I have recently started studying machine learning and am focusing on the pre-processing stage.我最近开始学习机器学习，专注于预处理阶段。 I'm creating a Jupyter Notebook which lays out the stages of pre-processing step by step.我正在创建一个 Jupyter Notebook，它逐步列出了预处理的各个阶段。 The original dataset has some missing values in it which I will replace with the mean value.原始数据集中有一些缺失值，我将用平均值替换它们。 As it is a step by step notebook I am creating, I would like to be able to keep the original dataset in tact while having a copy of the dataset which will be updated at different steps of the process ie missing cells will be replaced with the mean values.由于这是我正在创建的一步一步的笔记本，我希望能够保持原始数据集完好无损，同时拥有数据集的副本，该副本将在流程的不同步骤更新，即丢失的单元格将被替换为平均值。 See the code below for what I have done so far.请参阅下面的代码了解我到目前为止所做的事情。 It does what I want it to do so far, it's just missing the copied dataset part.到目前为止，它完成了我希望它做的事情，只是缺少复制的数据集部分。
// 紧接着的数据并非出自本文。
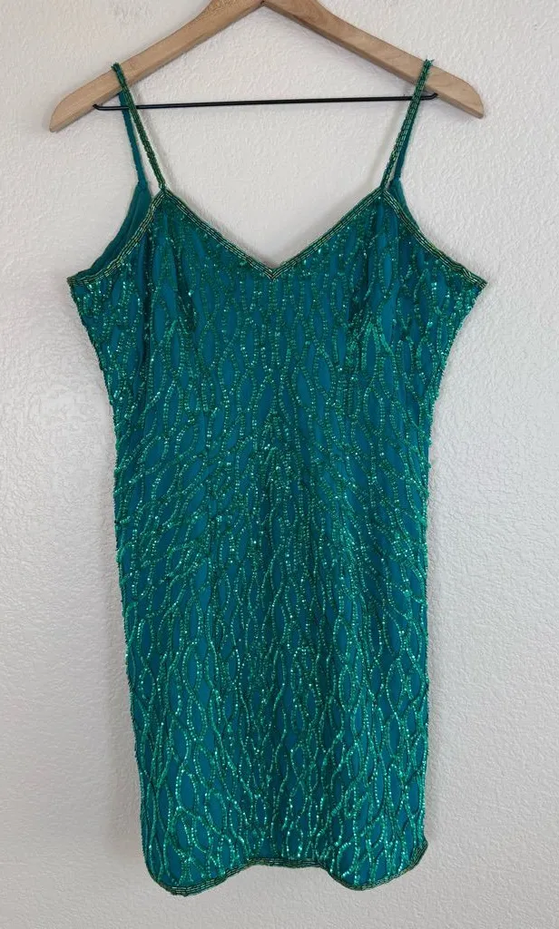 Beautiful vintage beaded sequin mini dress 100% silk Good vintage condition for some loose and missing beads and sequins (pictured) mostly on straps I’ve only seen this in the maxi dress version selling online for $250-$400. Or a short sleeve version. I haven’t seen it in this spaghetti strap sleeveless slinky mini dress style Approximate measurements Bust across 18” Waist across 14.5” Hips across 17” Length 34” V neck Low scoop back D417 Art deco glam Gatsby Ibiza Spain euro wedding guest holiday party glitz glam sparkle fancy, Wedding guest, fancy, formal, special occasion, night out, event, birthday, evening, party, dinner, dressy, cocktail, long, nice, prom, dance, hoco, date, date night, work event, black tie, red carpet, bachelorette, trip, vacation, party, Vegas, going out, nightclub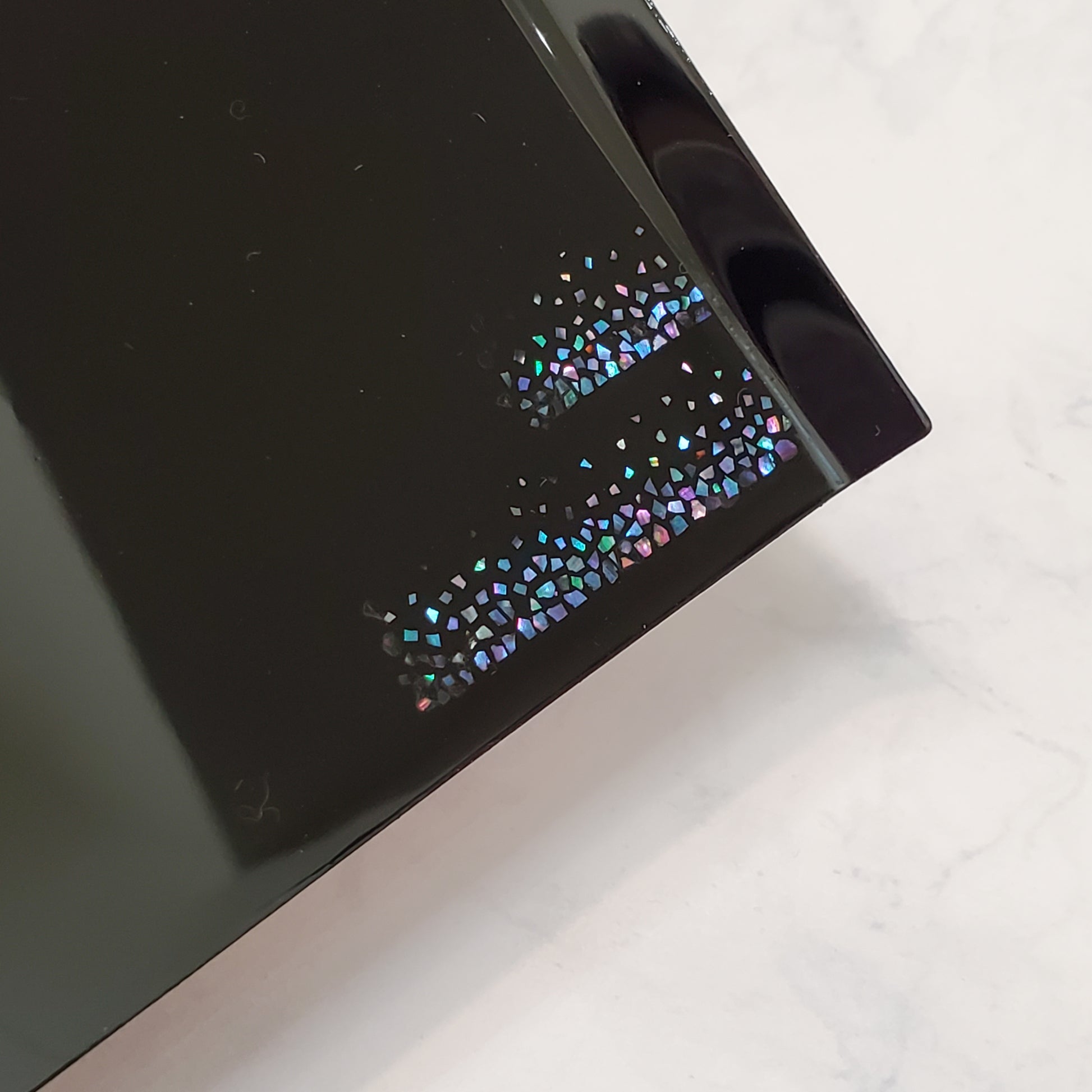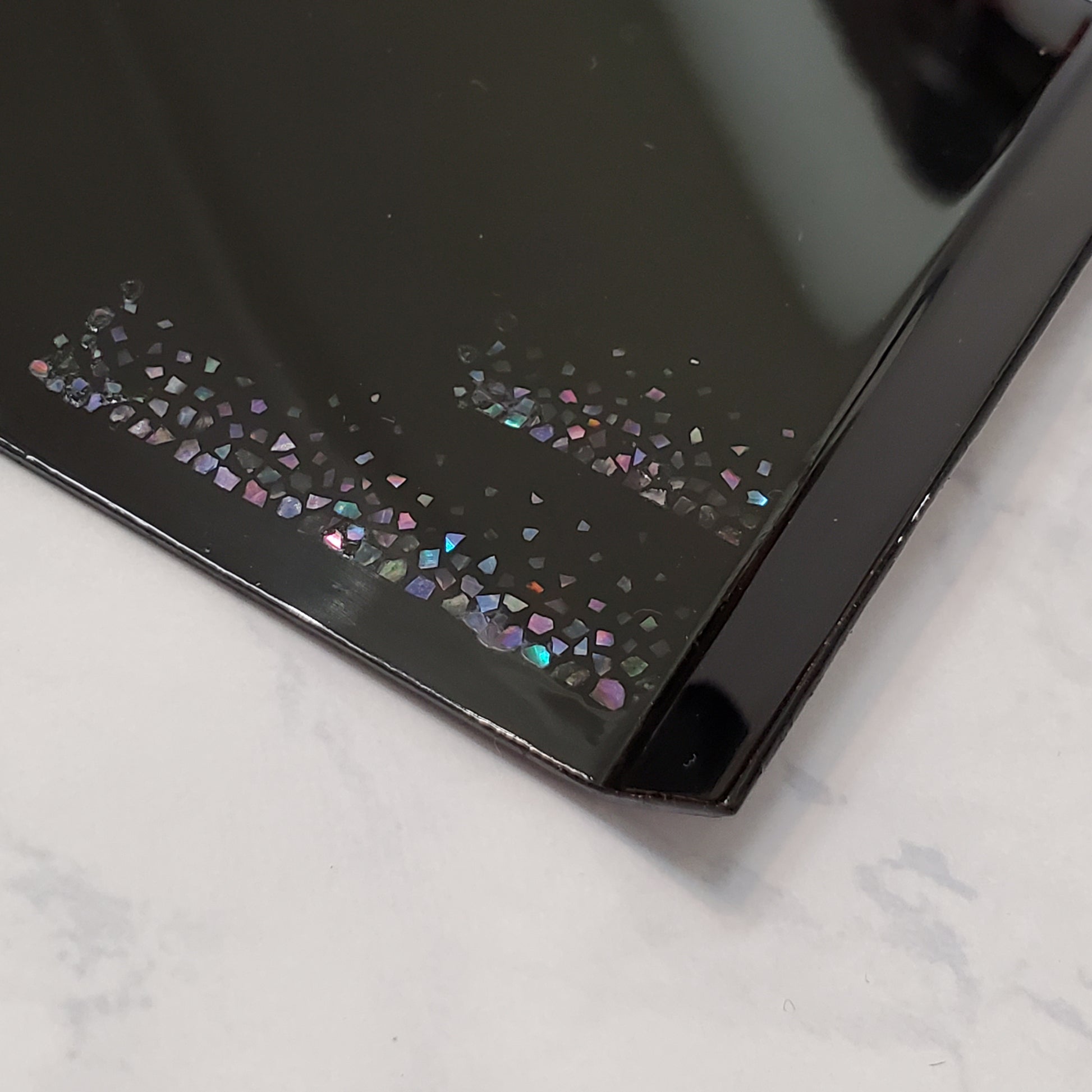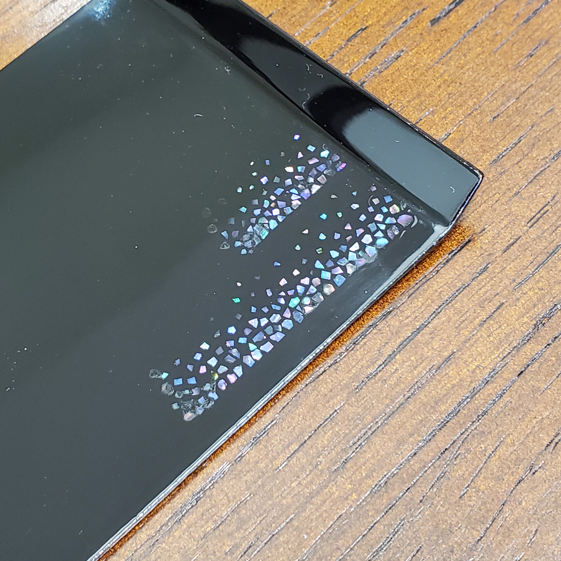 模様部分に重ねて貝を貼り、キラキラと上品に輝きます。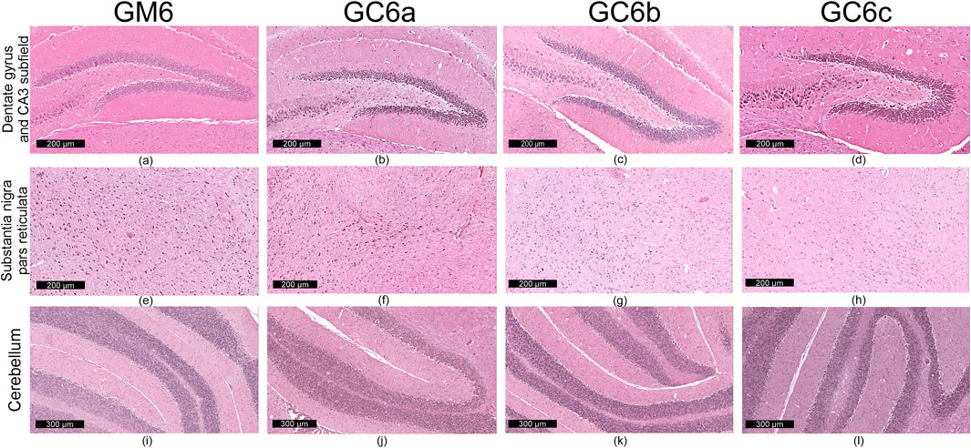 Comprehensive histological examination demonstrated that the cytoarchitecture of major brain regions - dentate gyrus, CA3 subfield of the hippocampus, substantia nigra pars reticulata and cerebellum - was largely preserved across all experimental subgroups. The dentate gyrus and CA3 subfield maintained their characteristic three- and five-layer organizations, respectively, indicating that hippocampal networks remained structurally intact (Mortessagne et al., 2024). Likewise, the substantia nigra pars reticulata showed a normal arrangement of neurons and glial elements, and the cerebellum displayed the classical three-layer pattern. Only limited focal changes were observed, including perineuronal edema adjacent to Purkinje cells in the GC6b and GC6c subgroups and mild astrocytic hyperplasia in the substantia nigra pars reticulata, while oligodendrocytes remained unaffected. No morphological markers of neurodegeneration - such as hypertrophy, necrosis, pyknosis, vacuolization, chromatolysis or white matter spongiosis - were detected. Small, randomly distributed lymphocytic clusters were present but without signs of diffuse inflammatory damage. Such discrete alterations may reflect age-related processes, including low-grade neuroinflammation, oxidative stress, impaired neurogenesis or mild neuronal loss (Giannos and Prokopidis, 2022; Lana et al., 2025). Although these age-associated processes are interrelated and can mutually potentiate one another, in our cohort of healthy, naturally aged mice (13–16 months) they did not compromise the global cytoarchitecture or structural integrity of the evaluated neural structures.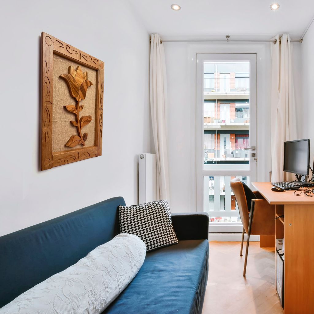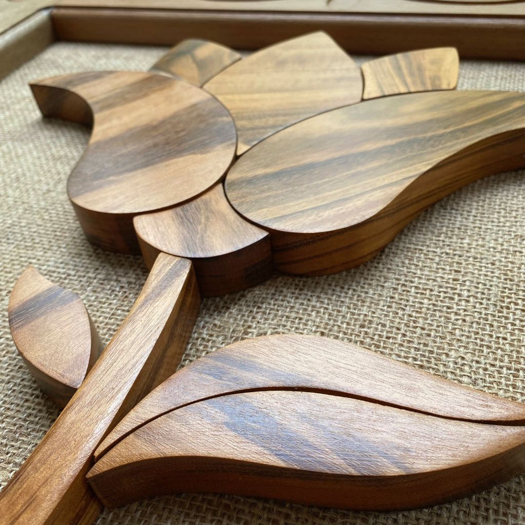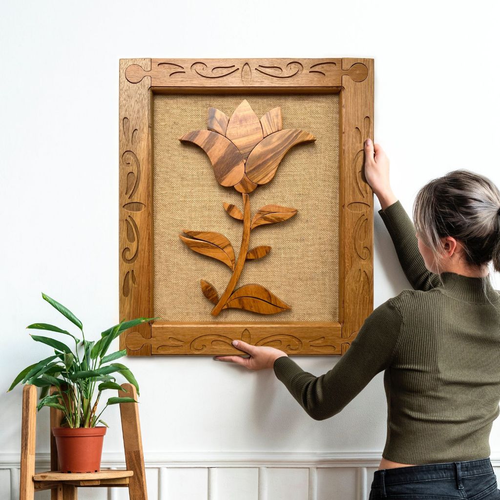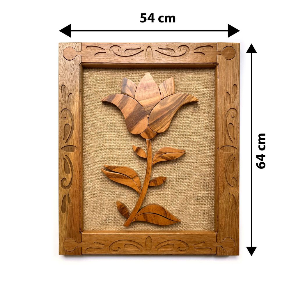Quadro Decorativo Artesanal Flor De Lótus Em Madeira Maciça Grande 64x54cm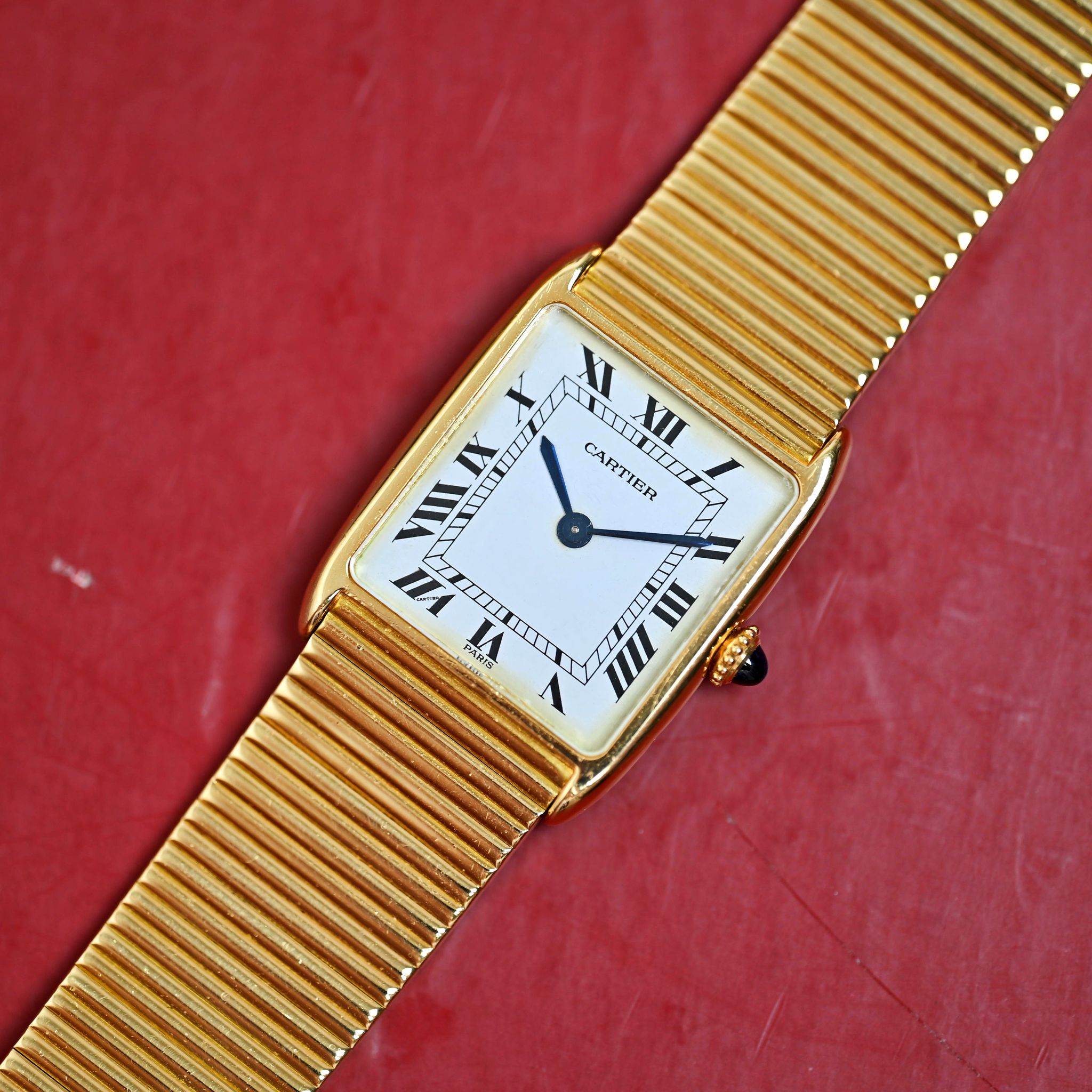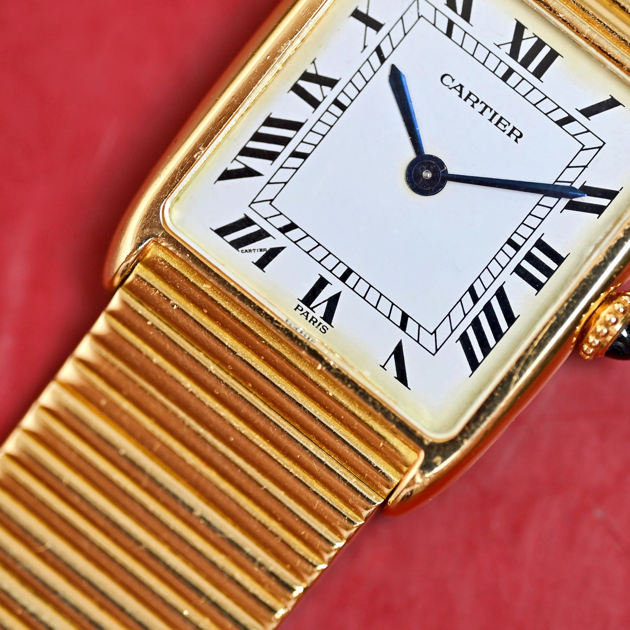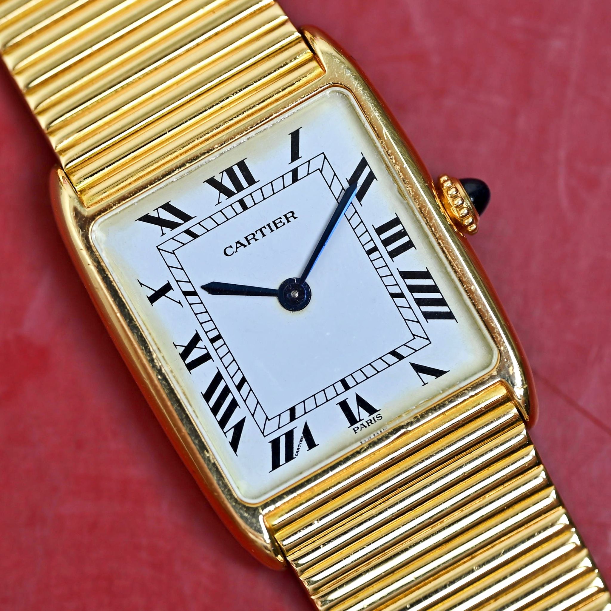This stunning Arrondie from the 1980s showcases an exquisite 18k yellow gold case, measuring 23 x 30 mm, and features a classic manual winding movement. Instead of the usual leather strap, it boasts a magnificent integrated Cartier bracelet, composed of delicate 18k yellow gold bars, capturing the essence of its era while remaining effortlessly chic.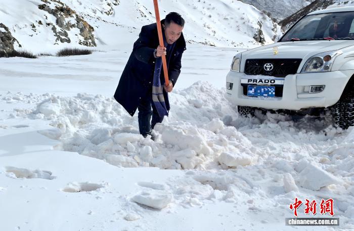 图为在下乡途中,扎西平措铲雪开路。巴青县雅安镇格夏贡村驻村 供图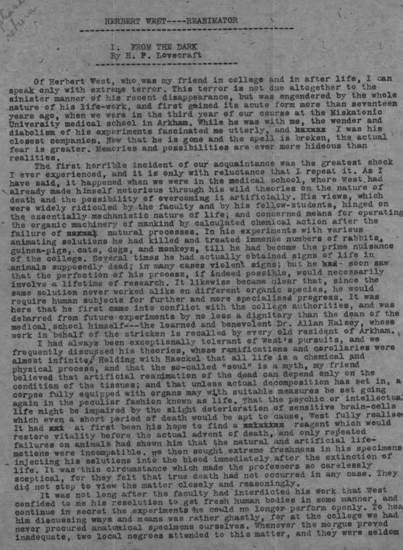 《赫伯特·韦斯特——尸体复生者》的打字稿。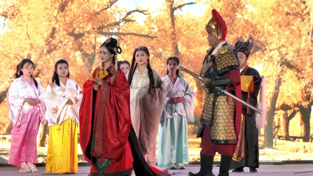 6月25日晚,原创舞剧《会水长歌》在夜空下上演,市民扶老携幼、全城围观。这部剧以张骞出使西域、解忧公主和亲等历史片段为线索,生动展现了千年丝路精神与金塔会水古城的文化渊源。演出宏大精湛,掀起了夜间精神供给的高潮。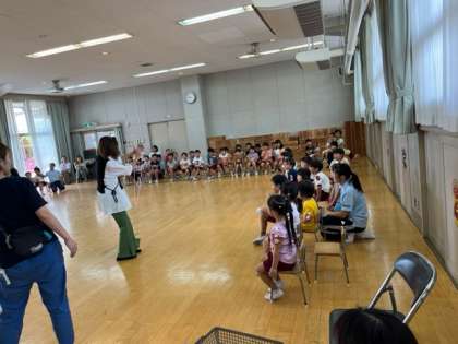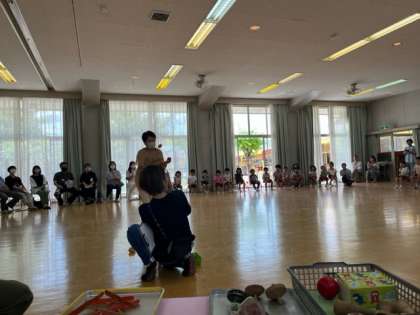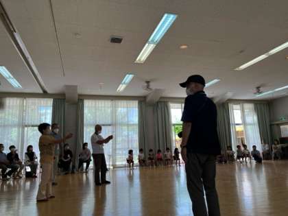 リズム室では歌を聞いていただいたり、一緒に歌ったり、歌をプレゼントしたり、体操を見てもらったりしました。おじいちゃんおばあちゃんからはお手玉、あやとり、けん玉、こま回しなど、昔からある遊びを披露していただきました。とても上手で、子どもたちもビックリ!していました。また真似っこして遊んでみたいですね。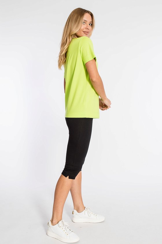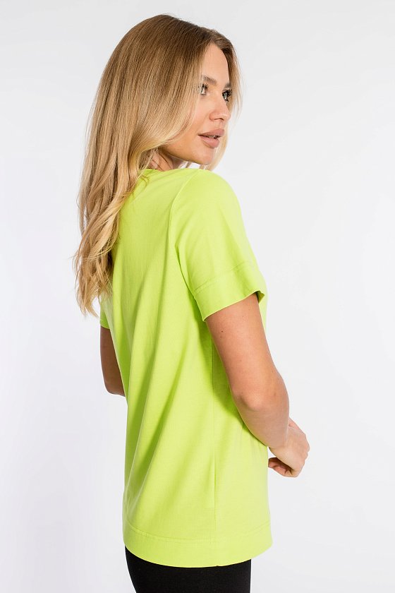Футболка из кулирки, 100% хлопок, с коротким втачным рукавом и притачной планкой по горловине. Спереди вышивка.
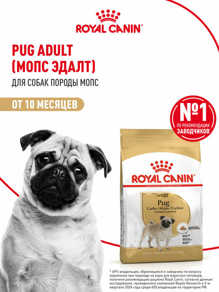 Корм сухой полнорационный для собак - Специально для взрослых собак породы мопс в возрасте 10 месяцев и старше PUG ADULT (МОПС ЭДАЛТ) ROYAL CANIN®, подходящий для собак породы мопс в возрасте от 10 месяцев, специально разработан с учетом потребностей вашей собаки в питательных веществах.

Any tips or links to tutorials would be appreciated.任何提示或教程链接将不胜感激。 Thanks.谢谢。

#libraries
import matplotlib.pyplot as plt
import numpy as np 
import pandas as pd 

from sklearn.impute import SimpleImputer

#Importing dataset
dataset = pd.read_csv('example.csv')

# Splitting the attributes into independent and dependent attributes
X = dataset.iloc[:, :-1].values # attributes to determine dependent variable
Y = dataset.iloc[:, 4].values # dependent variable / Class variable, final column


#printing and displaying dataset
print(dataset)
display(dataset.describe())

#check how many null values in dataset and output value
print('Number of null/NaN values in dataset: ',dataset.isnull().values.sum())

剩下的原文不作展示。